Apple’s streaming-music service may have debuted only a few weeks ago, but already one senator is concerned that the iPhone maker could become a dominant, anticompetitive force.
US Senator Al Franken on Wednesday issued a letter to the US Federal Trade Commission requesting that it investigate Apple’s dealings in the streaming-music market. The Democrat from Minnesota expressed misgivings that the company’s recent launch of its Apple Music streaming service, coupled with its iOS software and its App Store, could pose unnecessary challenges for rivals and potentially limit choices and raise costs for consumers.
“Apple’s position as a dominant platform operator may actually undermine many of the potential consumer benefits of its entry into the market,” Franken wrote in his letter to the FTC.
His letter to the FTC came just a day after Consumer Watchdog, a company that aims to protect consumers against dominant companies overstepping their bounds, wrote its own letter to the government agency calling for an inquiry into Apple Music.
Franken is particularly concerned that Apple’s competitors, including Spotify, Pandora and artist Jay-Z-backed Tidal, all rely on the company’s App Store to get their software onto the popular iPhones and iPads. By offering apps in Apple’s App Store, those services need to adhere to Apple’s policies, which include sharing 30 percent of the revenue generated in-app on an iOS device. Franken also said that consumers could be harmed by an Apple policy that blocks developers from advertising lower rates if they use the service on other platforms, like the Web.

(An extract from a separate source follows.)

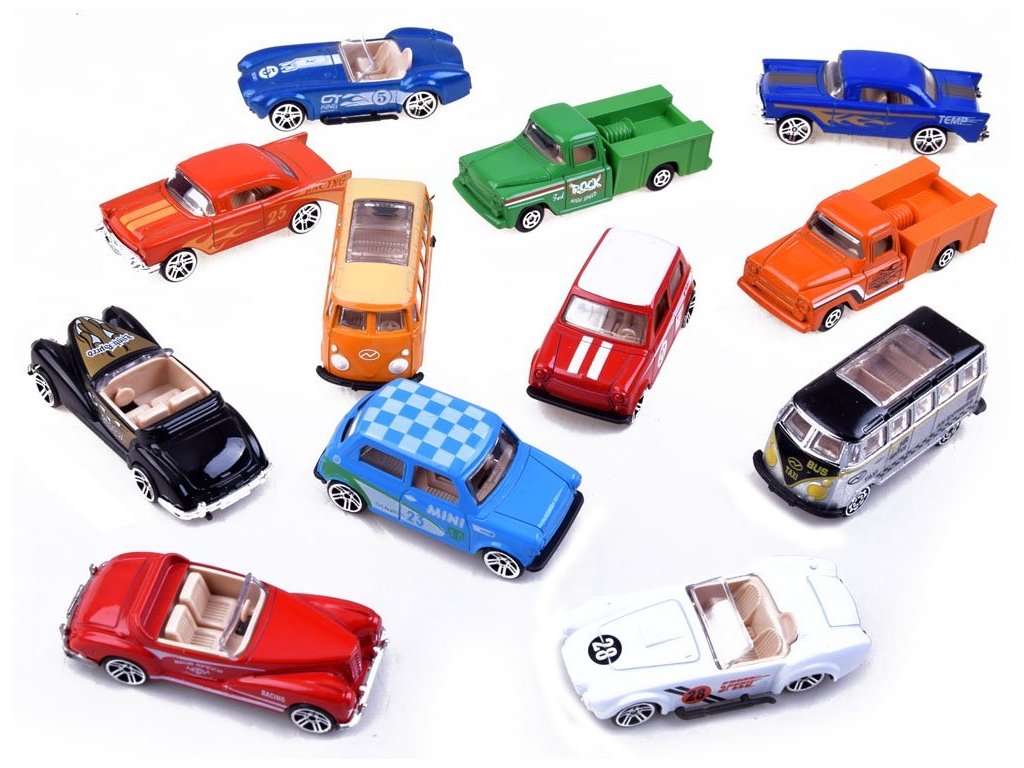 Kolekce retro autíček je určena pro malé i velké kluky. Sada se skládá z 12 kusů starobylých vozidel.

“In the case of music streaming services, Apple’s licensing agreements have prevented companies from using their apps to inform users that lower prices are available through their own websites, to advertise the availability of promotional discounts, or to complete a transaction directly with a consumer within their app,” Franken wrote in his letter. “These types of restrictions seem to offer no competitive benefit and may actually undermine the competitive process, to the detriment of consumers, who may end up paying substantially more than the current market price point.”
Apple did not immediately respond to a request for comment.
A competitive landscape
Apple Music launched on June 30 in over 100 countries, offering full access to Apple’s iTunes music library, as well as curated streaming channels, and the Beats 1 radio station. It also includes a feature called Connect that provides a social space where artists and fans to come together and share content. Free for the first three months, Apple Music will cost $10 per month for an individual plan and $15 for a shared family plan.
The launch of Apple Music marked the arrival of an 800-pound gorilla in a streaming industry that was already packed with similar offerings. The major difference between Apple Music and its competitors is how it’s bundled with iOS devices and Macs. Unlike Spotify and the others, Apple Music comes preinstalled on the latest version of Apple’s operating systems.
During Apple’s earnings call this week, CEO Tim Cook said that Apple Music is growing rapidly and that “millions and millions” of people have already tried it out, though he declined to provide actual user numbers. Spotify, by comparison, has 20 million paid subscribers and over 75 million active users.
For years, Apple has made billions offering music downloads through its iTunes music store. And while it still offers that service to those who aren’t interested in streaming, a rapidly growing contingent of consumers have decided to move their cash to streaming services, rather than individual downloads.
Increasing scrutiny
By shifting its weight into streaming, however, Apple has invited scrutiny. Months before Franken’s letter and the unveiling of Apple Music, the European Union’s competition watchdog, the European Commission, issued questionnaires to several record labels and digital music companies to determine whether it should launch a formal investigation into Apple’s plans for streaming music. The Commission, which has yet to initiate a formal investigation, was particularly interested in determining whether Apple would use its size and power over developers to hurt competitors.
Observations like those from Franken, however, are not new for Apple. The company’s App Store guidelines governing how developers can generate money through their apps on iOS have long been a subject of debate, and the FTC is already looking into the practices. The guidelines essentially require that transactions made through its App Store include a 70-30 split in the developer’s favor. Any in-app purchases, including buying a subscription to Spotify through the iOS app, would also technically fall under that 70-30 split. For the vast majority of developers, it’s a cost of doing business. But when Apple takes a slice of the revenue generated from its own competitors, Franken argues, it could be cause for concern.
“While I am encouraged to see increased competition in this market, I am concerned about certain business practices that have the potential to limit choices and raise prices for consumers,” he said.
Consumer Watchdog, meanwhile, has charged Apple with attempting to drive out competitors and “unfairly dominate” the streaming music business.
“Apple’s new streaming music service raises serious antitrust concerns that require the government to put limitations on Apple as it develops its service if consumers are to continue to have access to free streaming music services and so-called ‘freemium’ music,” Consumer Watchdog’s president Jamie Court and Privacy Project Director John M. Simpson wrote in the letter. “At issue, in fact, is the proprietary information that Apple possesses about its subscribers’ credit cards and musical preferences, which it is leveraging over music labels in an attempt to rub out free (commercial sponsored) music platforms.”
The FTC did not immediately respond to a request for comment on whether it will launch an investigation into Apple Music.